Implementation:Evidentlyai Evidently Legacy OpenAI Feature
| Knowledge Sources | |
|---|---|
| Domains | ML Monitoring, LLM Evaluation, OpenAI Integration |
| Last Updated | 2026-02-14 12:00 GMT |
Overview
Provides a generated feature that uses OpenAI models to evaluate text data via customizable prompts, supporting both legacy completion and chat completion APIs with configurable response post-processing.
Description
The OpenAIFeature class extends both FeatureTypeFieldMixin and GeneratedFeature to produce features by sending text data to OpenAI models with custom prompts. It supports two API modes based on the model:
- Legacy completions API (for models: gpt-3.5-turbo-instruct, babbage-002, davinci-002): Uses client.completions.create with a single formatted prompt string.

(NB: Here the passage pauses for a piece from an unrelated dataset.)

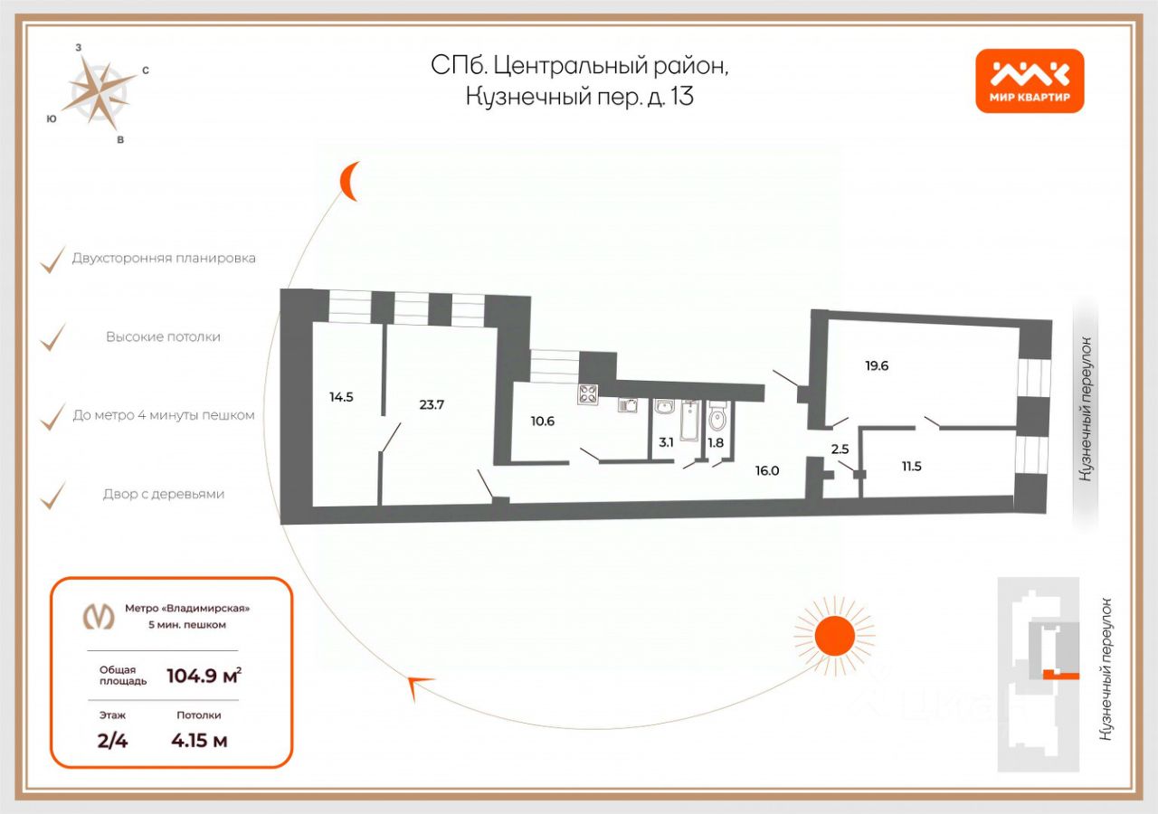 Арт. 112485989 Редкая угловая квартира в доходном доме эпохи модерн — здесь архитектурное наследие органично сочетается с современным комфортом.Квартира отличается продуманной планировкой: три изолированные спальни, большая гостиная с арочными стеклянными перегородками, кухня и столовая с кладовой для хранения продуктов. Выполнен качественный ремонт с использованием премиальных материалов: натуральный паркет, сантехника именитых брендов. Большое количество окон обеспечивает отличное естественное освещение.Доходный дом А. А. Васениной построен в 1910 году архитектором К.Э. Маккензеном в стиле модерн. Перекрытия — смешанные. Здесь всего четыре парадные и 23 квартиры — по две на этаж. В парадной сохранилась оригинальная метлахская плитка и витражи на окнах.Расположение на тихой улице создает особую атмосферу для жизни в самом сердце города — вдали от суеты, но с доступом ко всем городским возможностям.Рядом находятся рестораны, бутики, магазины, медицинские центры и всё необходимое для комфортной жизни. Есть удобный выезд на все транспортные артерии города. До станции метро ''Площадь Александра Невского'' — всего 10 минут пешком.Собственник один, без обременений. Звоните, чтобы узнать детали и договориться о просмотре!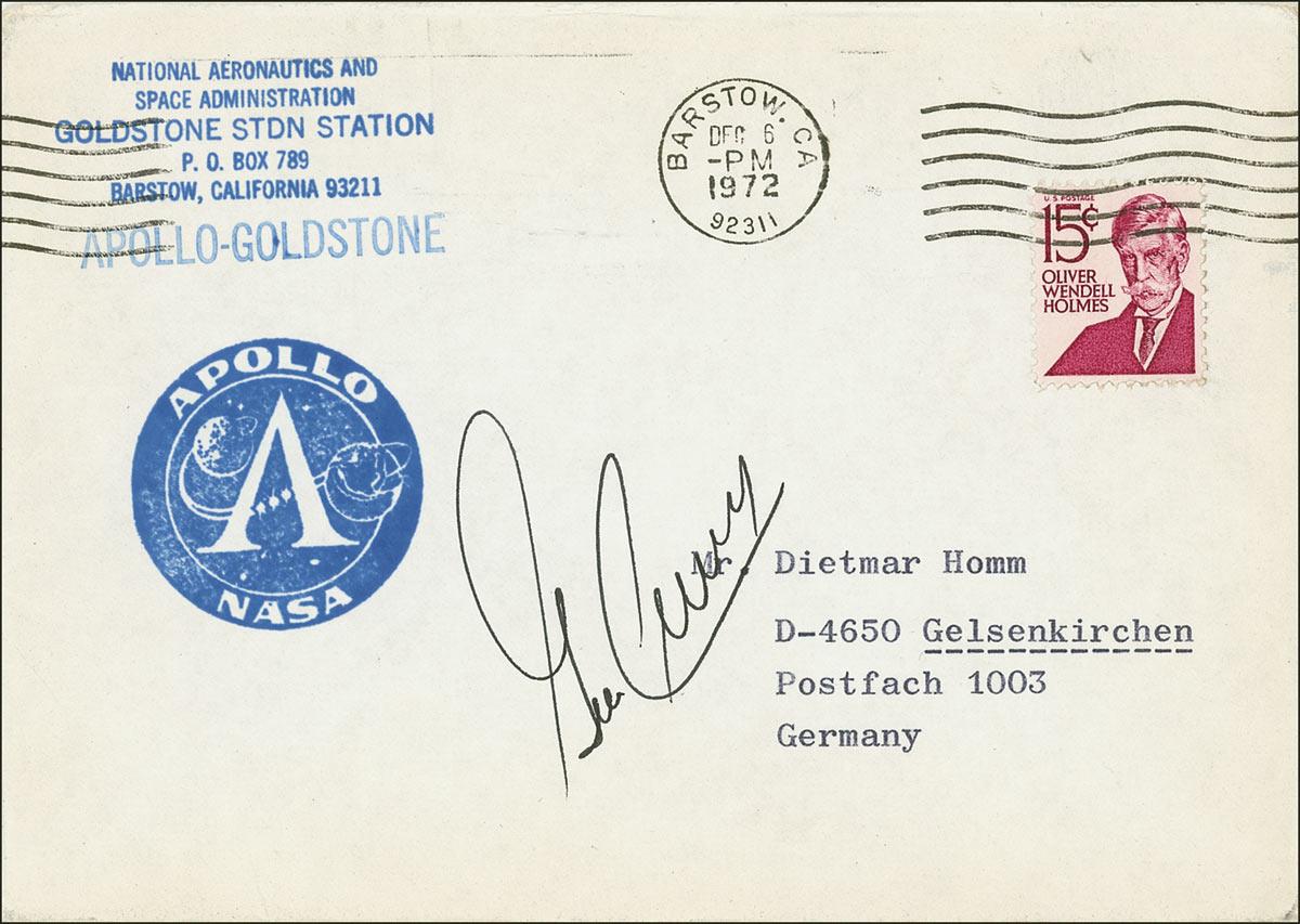 Gene Cernan - NASA mailing envelope, 6.5 x 4.5, bearing a Goldstone STDN Station return address, signed in black ink

- Chat completions API (all other models): Uses client.chat.completions.create with a system message (context) and a user message (formatted prompt).
Key features of the class:
- Prompt templating: The prompt string contains a prompt_replace_string (default: "REPLACE") that is substituted with the actual text value, and a context_replace_string (default: "CONTEXT") that is substituted with optional context.
- Context support: Context can be provided as a static string (context) or from a DataFrame column (context_column). These are mutually exclusive.
- Response post-processing: The _postprocess_response function processes the LLM's response based on check_mode and possible_values. It supports modes like "any_line" (checks each line) and "contains" (checks if a possible value is contained in the line). If possible_values is set, the response is matched against these values.
- Feature type handling: For categorical features, the post-processed string is returned directly. For numerical features, the post-processed response is cast to a float, with None returned on failure.
- Unique feature IDs: Each instance generates a unique feature_id via new_id() to ensure column name uniqueness.
Usage
Use this feature when you need to evaluate or classify text data using OpenAI models within Evidently monitoring pipelines. This is a legacy feature class; for newer implementations, consider using LLMJudge which provides a more structured template-based approach.
Code Reference
Source Location
- Repository: Evidentlyai_Evidently
- File: src/evidently/legacy/features/openai_feature.py
Signature
class OpenAIFeature(FeatureTypeFieldMixin, GeneratedFeature):
class Config:
type_alias = "evidently:feature:OpenAIFeature"
column_name: str
feature_id: str
prompt: str
prompt_replace_string: str
context: Optional[str]
context_column: Optional[str]
context_replace_string: str
openai_params: dict
model: str
check_mode: str
possible_values: Optional[List[str]]
def __init__(
self,
column_name: str,
model: str,
prompt: str,
feature_type: str,
context: Optional[str] = None,
context_column: Optional[str] = None,
prompt_replace_string: str = "REPLACE",
context_replace_string: str = "CONTEXT",
check_mode: str = "any_line",
possible_values: Optional[List[str]] = None,
openai_params: Optional[dict] = None,
display_name: Optional[str] = None,
): ...
def generate_feature(self, data: pd.DataFrame, data_definition: DataDefinition) -> pd.DataFrame: ...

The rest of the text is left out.